Former US President Donald Trump's friendship with Supreme Leader of North Korea, Kim Jong-un has made headlines on many an occasion. And while they may at first glance have very little in common, the two have met on multiple occasions and exchanged many letters. Indeed when news of Kim's alleged death began circulating, Trump rather cryptically said that while he had a "very good idea" about the other leader's health, he could not talk about it.
He wrote me "beautiful letters", Trump revealed during a rally in 2018. “And then we fell in love — OK? No really. He wrote me beautiful letters and they’re great letters. We fell in love,” Trump told the crowd.

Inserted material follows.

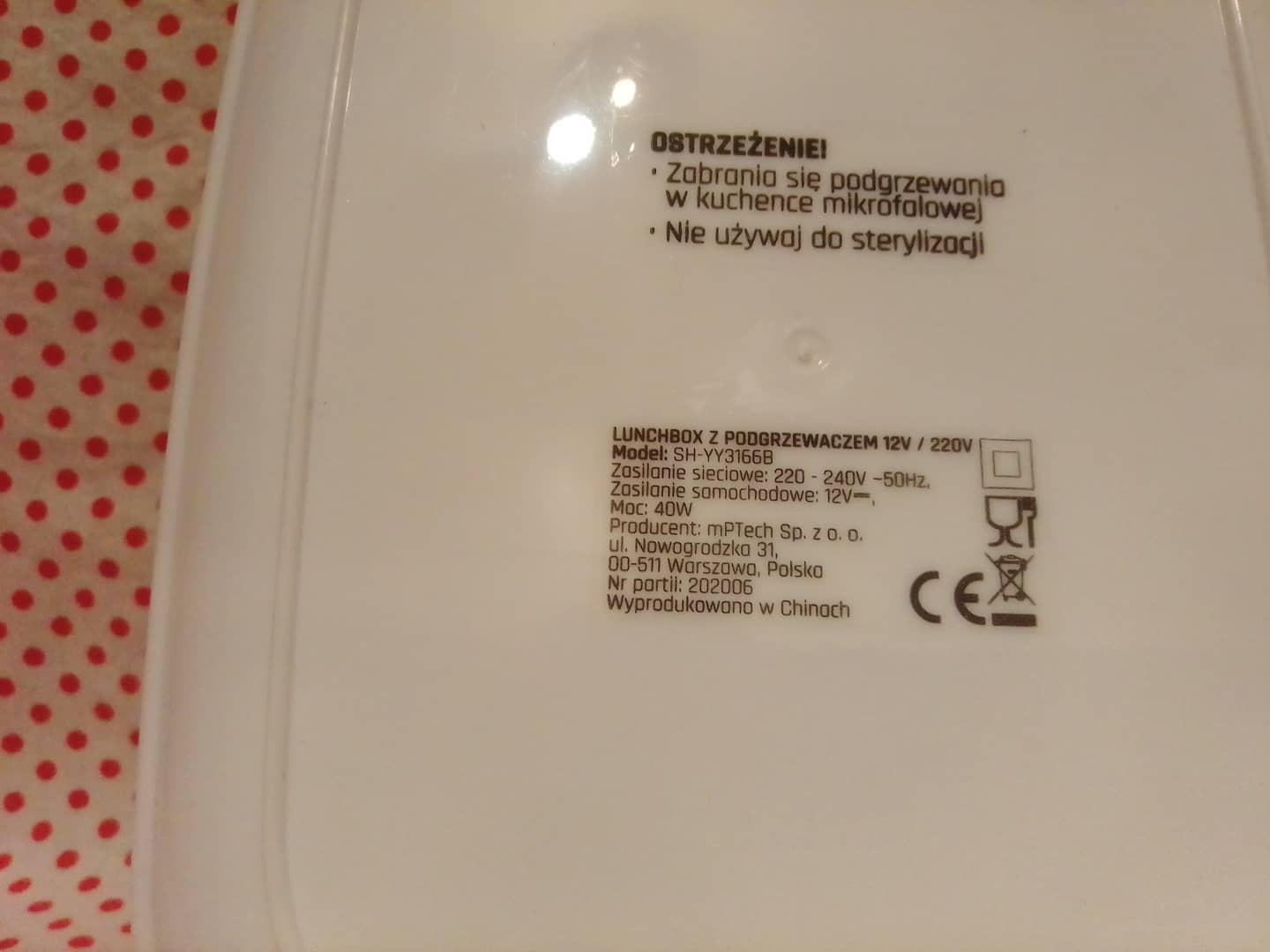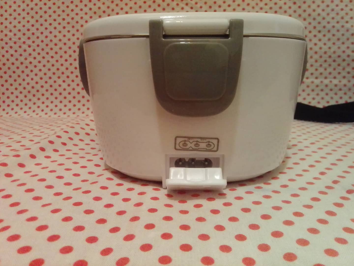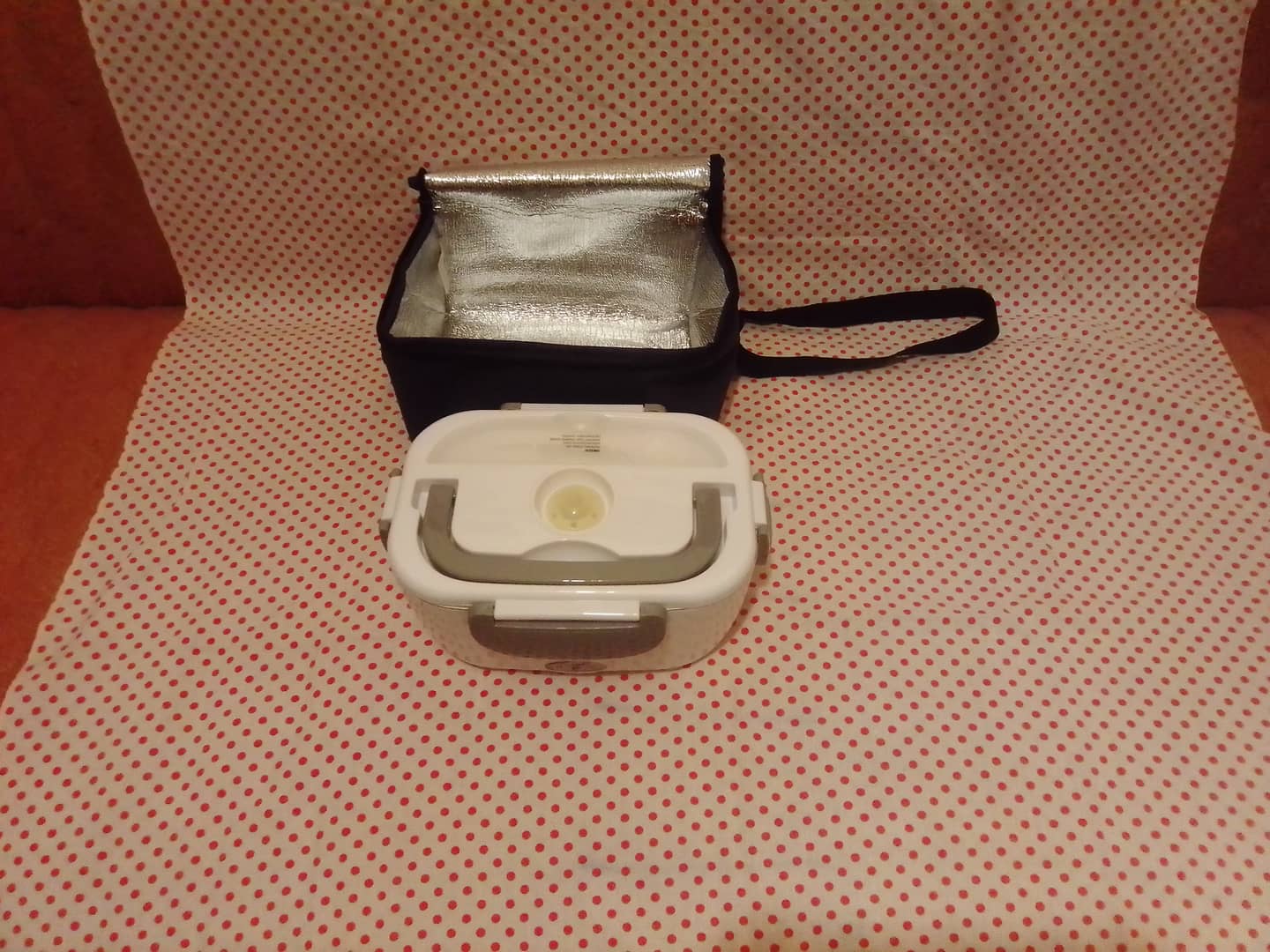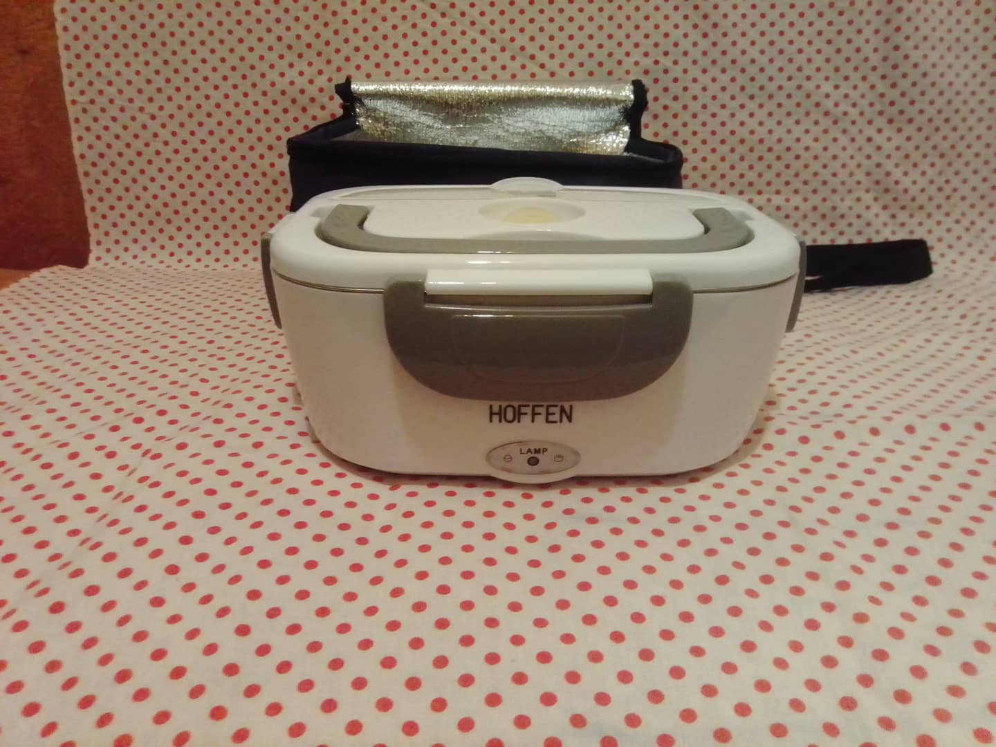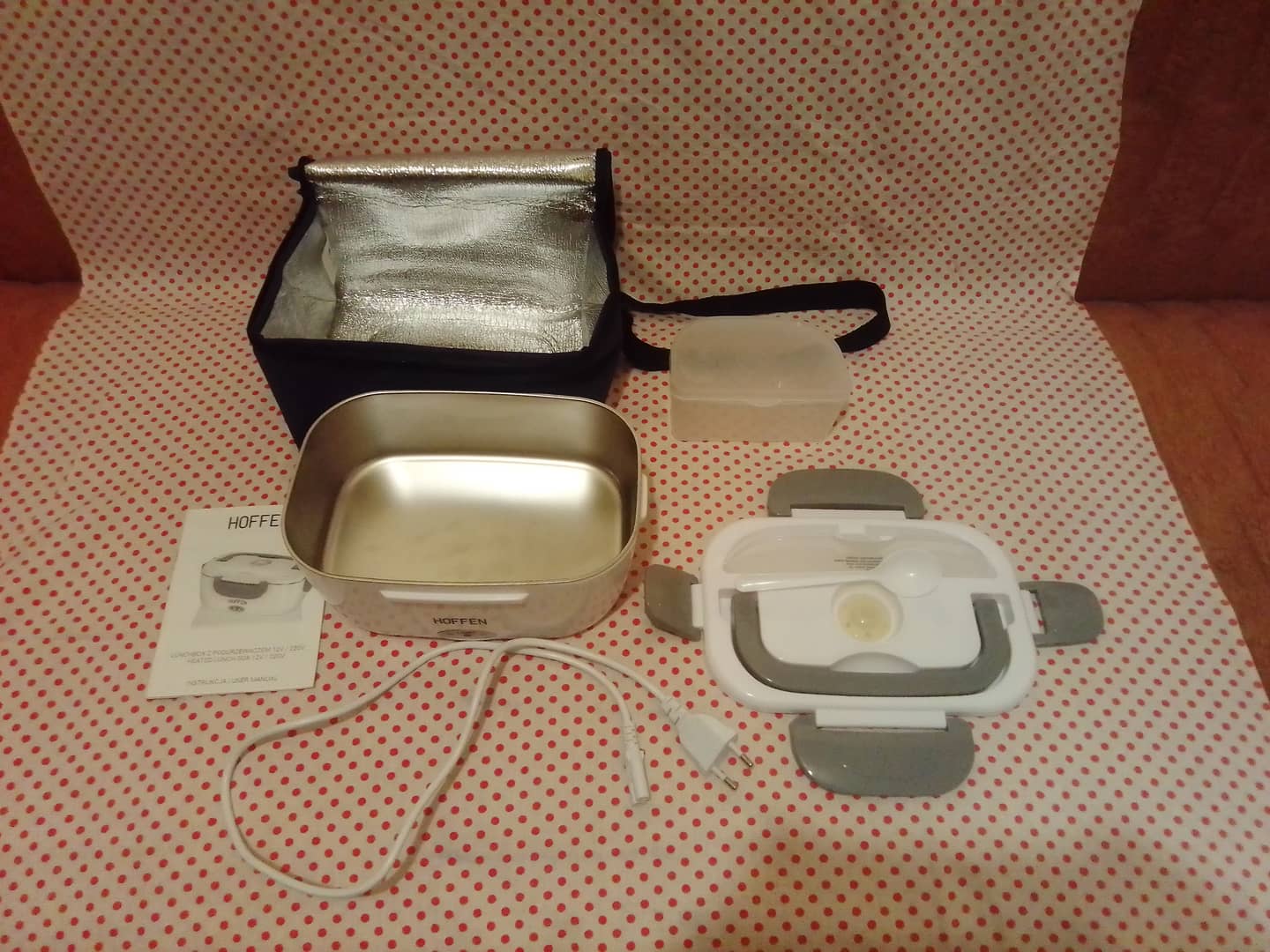Lunchbox Hoffen (elektryczny podgrzewacz do żywności). Do użytku w domu, w pracy itp. Moc 40W. Napięcie 220 - 240V/12V. Wizualnie jak nowy, bez oznak użytkowania. Technicznie sprawny. W komplecie z podgrzewaczem torba izotermiczna, łyżeczka, plastikowy pojemnik, instrukcja obsługi w języku polskim, kabel zasilający. Brak przewodu zasilającego do samochodu.15 zł.

The two had a rocky start to their relationship with a series of playground slurs and bizarre insults marking their initial exchanges. He called the Korean leader "rocket man" and Kim branded him a "mentally deranged US dotard". But as the days and months passed, the two indulged in what Bob Woodward's new book Rage calls a "diplomatic courtship".
From reminiscing about their first meeting to planning a future course of action, the book quotes excerpts from the letter that might not have been out of place in a romantic tale. "Let's go to a movie together. Let's go play a round of golf," one excerpt quotes Trump as saying.
Over the years, much has been made of their budding 'bromance' and many remain fascinated by the unique relationship. But the unusual friendship went beyond mere letters.
According to a recent report, President Trump had once offered his North Korean counterpart a lift home on Air Force One. This would have meant that the North Korean leader and possibly some of his team members would have travelled in the US President's personal aircraft. Not only that, there would have been the additional security concern that came with the US President and the official plane entering North Korean airspace.
"The president knew that Kim had arrived on a multi-day train ride through China into Hanoi and the president said: 'I can get you home in two hours if you want.' Kim declined," Matthew Pottinger, the top Asia expert on Trump's National Security Council told BBC.
Incidentally, Trump is the only US President in recent history to have even briefly entered North Korea.